Dictionary of National Biography, 1885-1900/Towne, Joseph
TOWNE, JOSEPH (1808–1879), modeller, third son of Thomas Towne, a dissenting minister, was born at Royston, near Cambridge, on 25 Nov. 1808. As a child his great amusement was modelling animals in clay. His first work of any importance was the model of a human skeleton, measuring thirty-three inches in height, which now stands in the museum of Guy's Hospital. This he made secretly and by night when he was seventeen from such drawings and bones as could be found in a village. His father saw the work only when it was nearly complete, and then sent him to Cambridge with a letter of introduction to William Clark (1788–1869) [q. v.], the professor of anatomy. Towne was so favourably impressed with his reception at Cambridge that he determined to come to London. He arrived by coach at one of the old inns in Bishopgate Street in February 1826, and called, without introduction, upon Sir Astley Paston Cooper [q. v.], then the leading surgeon in London. Cooper, recognising the boy's capacity, gave him a letter to Benjamin Harrison (1771–1856) [q. v.], the great treasurer of Guy's Hospital, by whom he was immediately retained in the service of that charity. The skeleton which he had brought with him from Royston was offered in competition at the Society of Arts, where it obtained the second prize in 1826, but in the following year Towne executed some models of the brain in wax, which gained him the gold medal of the society. From 1826 until 1877 Towne occupied rooms in Guy's Hospital, where he was engaged continuously in the practice of the art which he originated and brought to perfection, though it died with him. He constructed during this period more than a thousand models of anatomical preparations, from dissections made by John Hilton (1804–1878) [q. v.], and of cases of skin disease selected by Thomas Addison [q. v.] Most of these models are preserved in the museum of Guy's Hospital, but many fine specimens of his work are to be seen at Calcutta, Madras, Bombay, New York, as well as in the various towns of Alabama, New South Wales, and Russia. Towne was awarded a prize for his work at the first International Exhibition of London in 1851.

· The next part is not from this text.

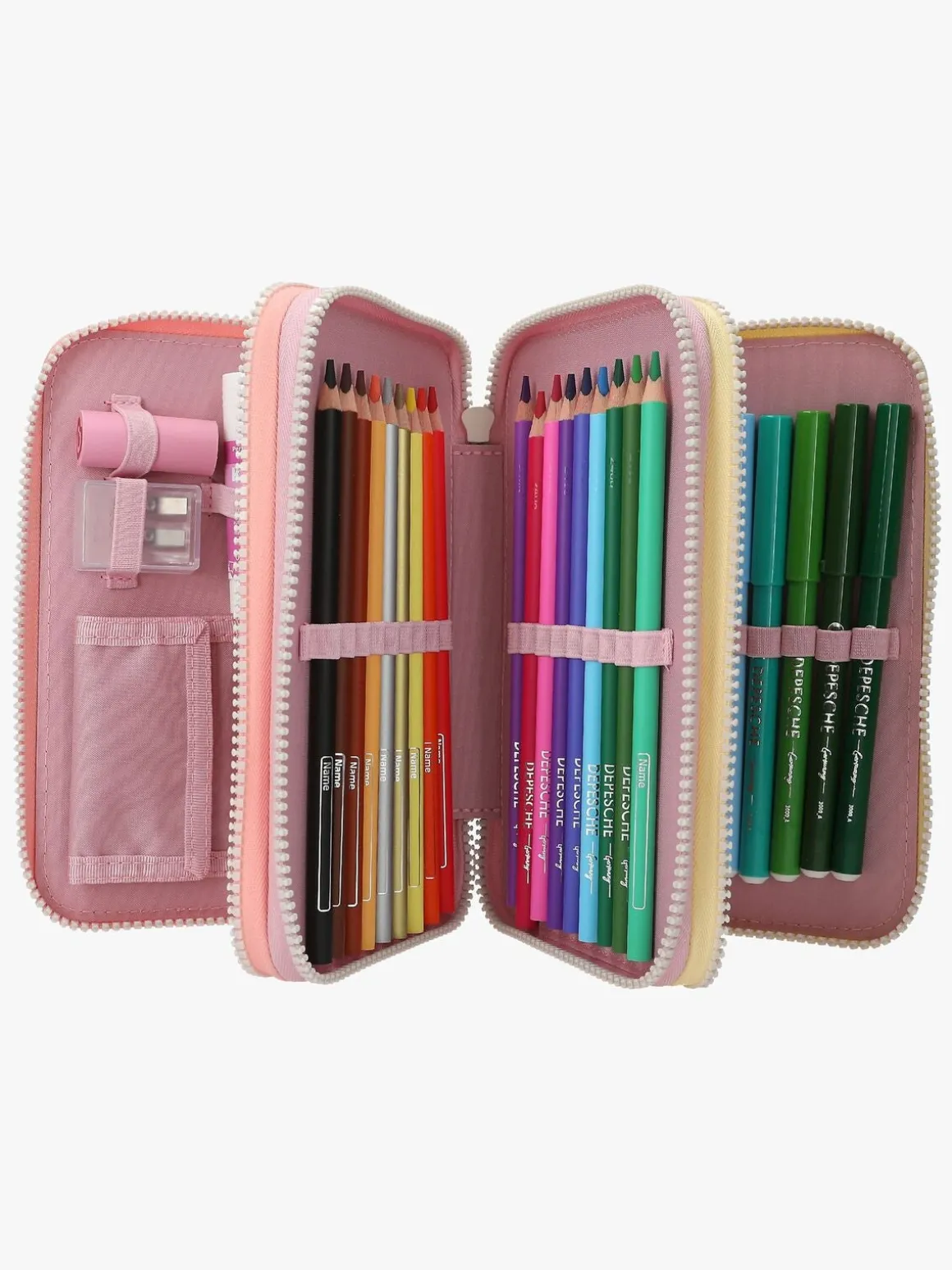 – Indeholder: 1 penalhus, 18 farveblyanter, 18 tusser, 2 blyanter, 1 saks, 1 limstift, 1 blyantspidser, 1 lineal, 1 viskelæder.

Towne was a sculptor as well as a modeller, and executed the marble busts of Sir Astley Cooper and Dr. Addison which now adorn the museum of Guy's Hospital. In 1827 he made an equestrian statue of the Duke of Kent, the queen's father, which was afterwards deposited in the private apartments of Buckingham Palace, and a little later he made a statuette of the great Duke of Wellington, while an excellent bust of Bishop Otter, first principal of King's College, London, came from his hands, and was placed in Chichester Cathedral in 1844. He died on 25 June 1879. Towne married, 20 Sept. 1832, Mary Butterfield, and by her had several children.
Mr. Bryant says of his work: ‘There can be no question that as models, whether anatomical, pathological, or cutaneous, they are not only lifelike representations of what they are intended to show, but that as works of art they are as remarkable as they are perfect. Not only are they accurate copies of different parts of the body, but they are among the very first attempts which have been made in this country to represent the different parts of the human body by wax models, and they are the more remarkable when it is borne in mind they are the outcome of an entirely self-taught genius.’
In 1858 Towne delivered at Guy's Hospital a short course of lectures on the brain and the organs of the senses and of the intellect. These lectures were elaborated into a series of suggestive papers ‘On the Stereoscopic Theory of Vision, with Observations on the Experiments of Professor Wheatstone,’ which commenced in the Guy's Hospital ‘Reports’ for 1862, and ended with one on ‘Binocular Vision’ in the volume for 1870.
[Obituary notice by Mr. Bryant in the Guy's Hospital Reports, 1883, xli. 1; biographical notice in the History of Guy's Hospital, by Wilks and Bettany, 1892; additional particulars kindly given to the writer by Thomas Bryant, esq.]